◆ PROVIDED INFORMATION ◆
____________

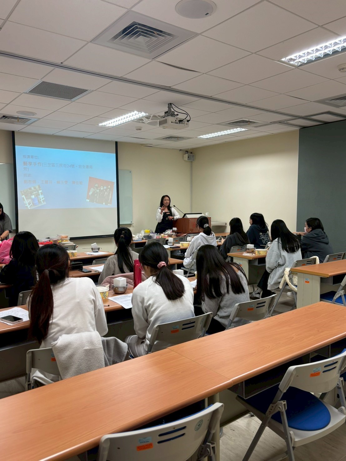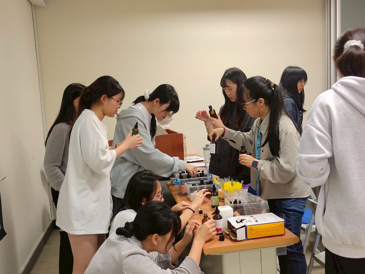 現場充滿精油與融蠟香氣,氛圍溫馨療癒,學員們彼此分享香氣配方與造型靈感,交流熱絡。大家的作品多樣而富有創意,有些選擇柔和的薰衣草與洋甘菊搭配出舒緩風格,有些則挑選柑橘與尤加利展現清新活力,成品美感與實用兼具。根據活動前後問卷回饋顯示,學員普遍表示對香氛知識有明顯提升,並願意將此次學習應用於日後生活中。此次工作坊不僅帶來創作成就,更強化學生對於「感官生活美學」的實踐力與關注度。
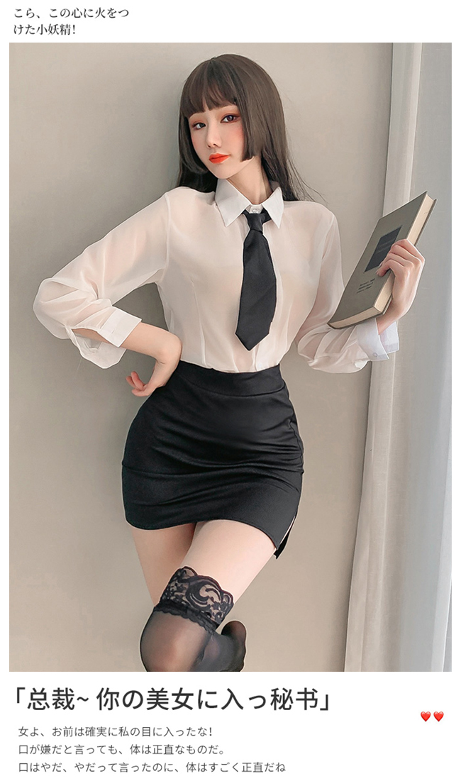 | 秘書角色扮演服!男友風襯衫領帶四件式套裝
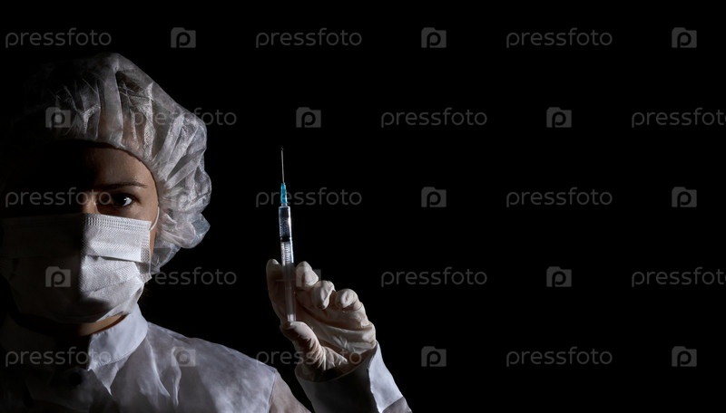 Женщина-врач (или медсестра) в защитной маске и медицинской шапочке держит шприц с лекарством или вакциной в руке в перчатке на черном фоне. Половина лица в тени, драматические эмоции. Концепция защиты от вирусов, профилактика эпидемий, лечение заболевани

____________

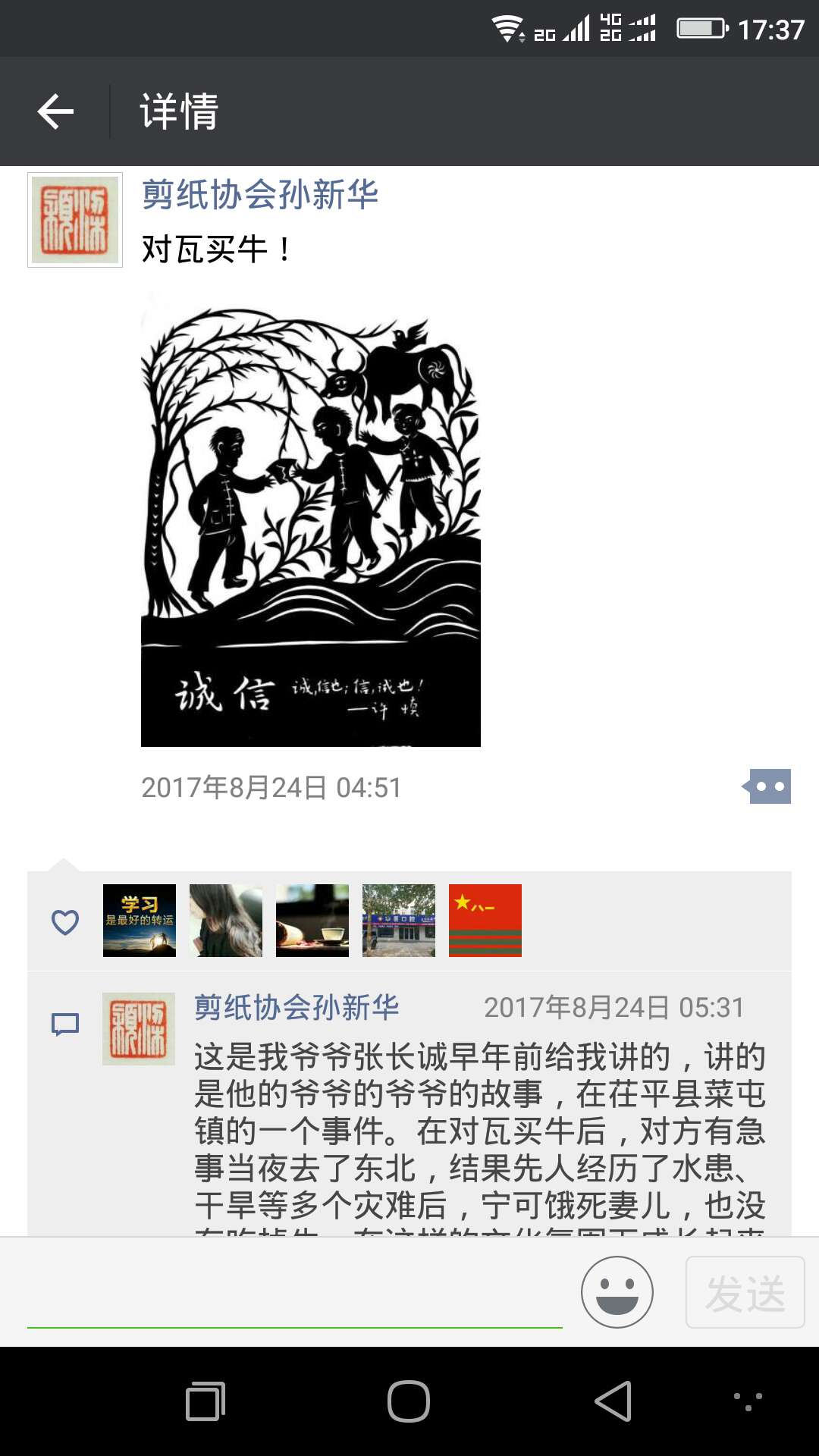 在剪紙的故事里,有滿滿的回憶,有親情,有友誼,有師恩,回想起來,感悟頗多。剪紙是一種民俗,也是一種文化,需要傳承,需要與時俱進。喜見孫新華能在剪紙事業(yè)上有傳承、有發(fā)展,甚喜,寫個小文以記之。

____________

◆ TASK STATEMENT ◆
Using the data above, which lines fall from the one with "現場充滿精油與融蠟香氣,氛圍" through the one with "Женщина-врач (или медсестра)"? Repeat them exactly, ends included, minus any pictures.

◆ ANSWER SECTION ◆
 現場充滿精油與融蠟香氣,氛圍溫馨療癒,學員們彼此分享香氣配方與造型靈感,交流熱絡。大家的作品多樣而富有創意,有些選擇柔和的薰衣草與洋甘菊搭配出舒緩風格,有些則挑選柑橘與尤加利展現清新活力,成品美感與實用兼具。根據活動前後問卷回饋顯示,學員普遍表示對香氛知識有明顯提升,並願意將此次學習應用於日後生活中。此次工作坊不僅帶來創作成就,更強化學生對於「感官生活美學」的實踐力與關注度。
 | 秘書角色扮演服!男友風襯衫領帶四件式套裝
 Женщина-врач (или медсестра) в защитной маске и медицинской шапочке держит шприц с лекарством или вакциной в руке в перчатке на черном фоне. Половина лица в тени, драматические эмоции. Концепция защиты от вирусов, профилактика эпидемий, лечение заболевани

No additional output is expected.